The metamorphosis of Victor Moses under Antonio Conte has been a remarkable feat
The metamorphosis of Victor Moses under Antonio Conte has been a remarkable feat
Why FIFA’s ‘best’ will never be good enough 
Sometimes you just have to marvel at the chutzpah of FIFA. This week they announced the creation of a new football awards ceremony. FIFA’s ‘The Best’ it will be called. As in: FIFA’s ‘The Best’ Men’s Player 2016, FIFA’s ‘The Best’ Men’s Coach...
As if FIFA should judge ‘The Best’ of anything. Donald Trump might as well announce he is giving an annual award for sophisticated behaviour around women. The Donald Trump ‘Hello Ladies’ Roving Palme d’Or. First recipient: Ched Evans.
‘The definitive accolade’ FIFA president Gianni Infantino called these new prizes — like his organisation would know. Consider FIFA’s recent judgments. Is Russia ‘the best’ location for a World Cup in 2018? Then, is Qatar in 2022? Was it Infantino’s best idea to accept lifts in private jets owned by those two countries, or was he left as horribly compromised as his predecessors? 
Will his 48-team World Cup be the best, too, or will it be as watered down and inferior as his expanded European Championship? And are FIFA the best body to run football? 
Can we not find an organisation that hasn’t had dozens of senior executives arrested over bribes totalling millions? Wouldn’t it be best if FIFA just disbanded and we started again — with men who did not have ties to previous, discredited, regimes?
Gianni Infantino strikes a relaxed pose before taking in an Omani match last week
Gianni Infantino strikes a relaxed pose before taking in an Omani match last week
Men such as Spanish federation president and FIFA executive committee member Angel Maria Villar Llona, whose organisation was last week shamed by sports minister Miguel Cardenal over a donation of roughly £200,000 the government made to build a soccer school in Haiti, following the devastating earthquake in 2010. 
Cardenal is asking for the money back because, according to Spanish media reports, only about a fifth of it reached the impoverished region and the rest had been spent on other activities with the school project uncompleted.
‘We have begun a refund process and have requested the Federation return the funds,’ said Cardenal. ‘With the checks we have carried out, the objectives which we agreed to award the subsidy have not been completed.’ Is this what might be termed best practice?
FIFA’s ‘best’ will replace the Ballon d’Or which the organisation was also part of, but somehow it didn’t feel that way. We loved the colourful French phraseology, and the talent, and mentally disassociated FIFA from it. 
The World Cup is the same. We love the World Cup and, when it begins, we forget who is in charge and see only the football tournament — right up until the moment some villain steps up to present the trophy. ‘Oh God,’ we remember, ‘it’s FIFA.’ But by then it’s too late.
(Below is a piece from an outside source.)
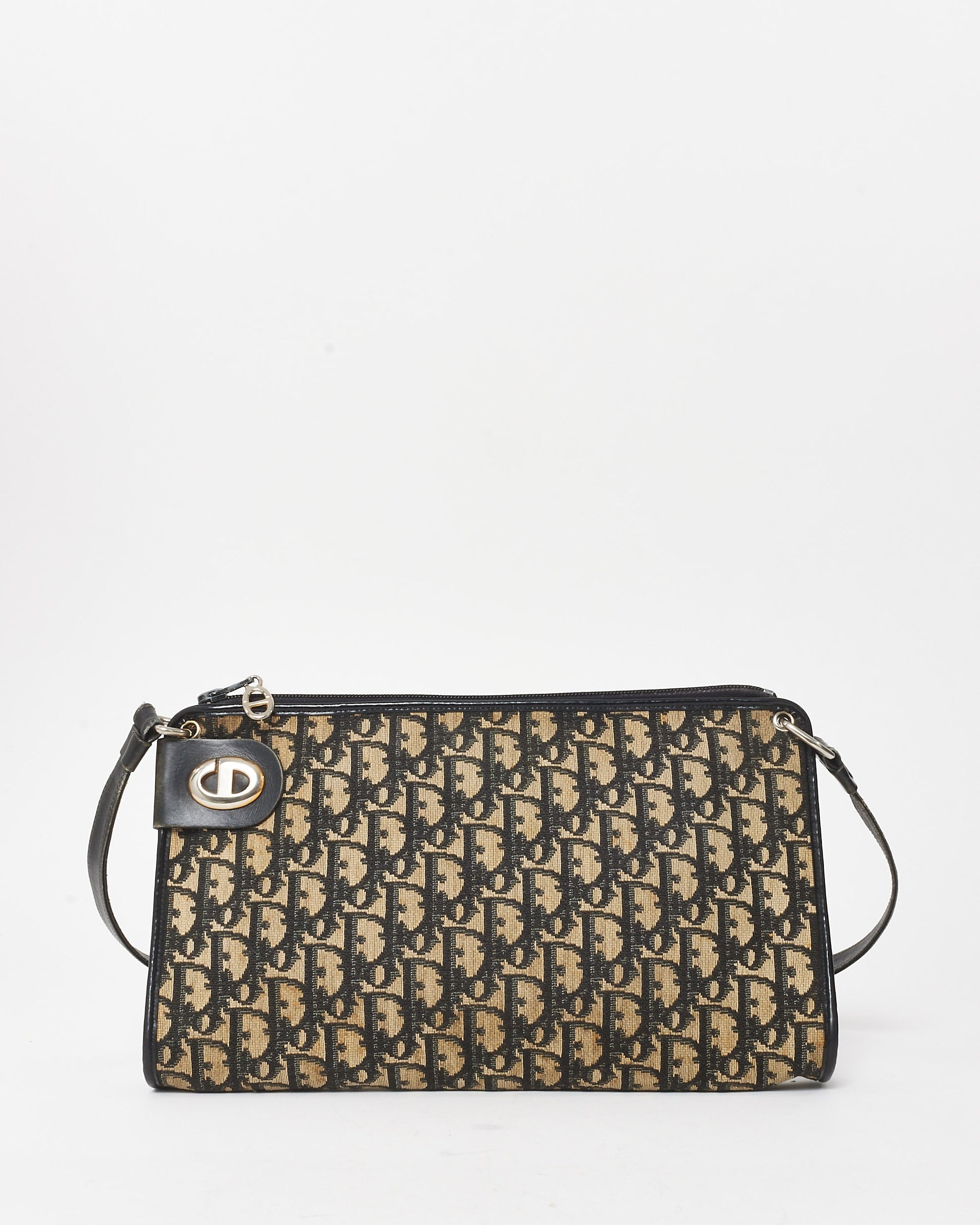 Dior Vintage Navy Oblique Canvas Shoulder Bag
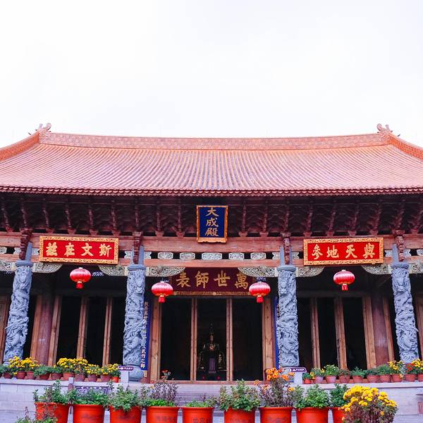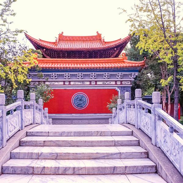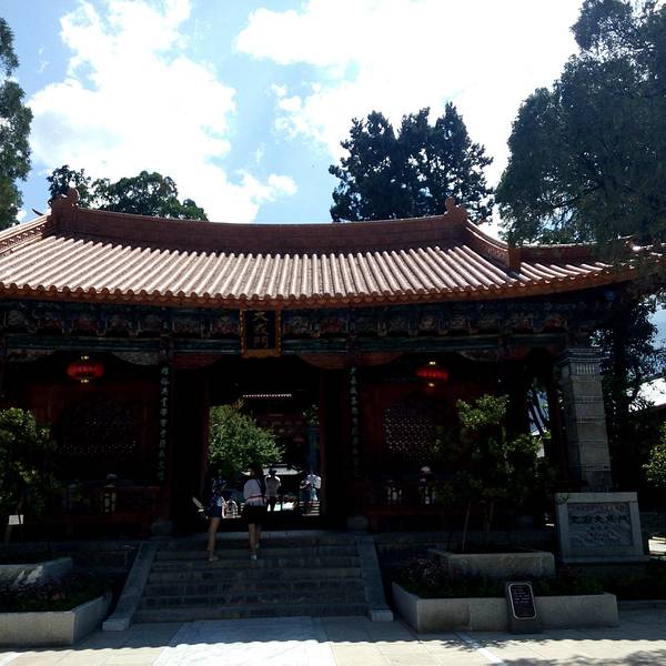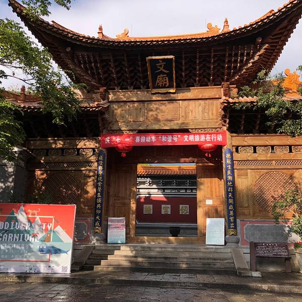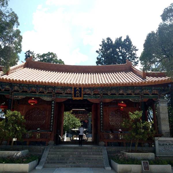 大理文庙位于大理古城西南,始建于明洪武年间,为州学,州升府后称府学,又称庙学、学宫。文庙主要建筑完成于明洪武年间,后经天顺、成化、弘治、嘉靖多年修葺,扩建,形成了规模宏伟的古建筑群。整个文庙占地10000余平方米,共有大小十三个院落。大成门后古建筑保存完好。2003年被大理州人民政府公布为文物保护单位。文庙中轴线为南北向,自南为照壁,前为泮池,上有石拱桥,池四周以石围栏,前为一高两低三跨式石牌坊,曰棂星门,石坊左侧有门曰礼门,右侧曰义路,坊后右侧为名宦祠、兴贤祠,左为乡贤祠、承祭祠,中为甬道至大成门,门上挂一大匾书“大成”二字,院中四角植柏树,大成门后中为甬道,两侧为东西两厢,院以方砖铺砌,四角植柏树,甬道直达大成殿拜台,俗称天子台,台高约1米,三周环以汉白玉石栏,后为大成殿,殿为单檐歇山顶,面阔七间,进深15.6米,高11米,规模宏伟,庄严大方,内供孔子牌位,中间的两棵立柱上雕刻两条盘龙。大成殿后为雁塔坊,重檐歇山顶牌楼式建筑,檐下四面设斗拱,八个翼角飞展,中间以圆门贯通,后为崇圣祠,祠后为尊经阁,阁内祀仓圣,曾藏古籍千余册。崇圣祠左为明伦堂,堂内有八扇格子门,镂空雕刻是艺术精品,工艺价值最高。堂下设射圃,旁立一小巧石坊,原书“佳径”(嘉晋谐音),1982年改为“柏苑”。

It can’t be that way with ‘The Best’, however. This is FIFA’s best, FIFA’s baby: their grubby little paws are all over it. The voting procedure will, for the first time, include fans alongside players, coaches and journalists. 
But don’t be flattered. Never forget, if you join in, if you press that button, if you cast that vote, tacitly you endorse them. You are saying FIFA’s Best is good enough; and it really isn’t.
And while we're at it
It is November, so the traditional time for a row about football, remembrance and poppies. This year’s travesty centres on FIFA’s objection to England and Scotland having poppies embroidered into their shirts when they meet in a World Cup qualifier on November 11. 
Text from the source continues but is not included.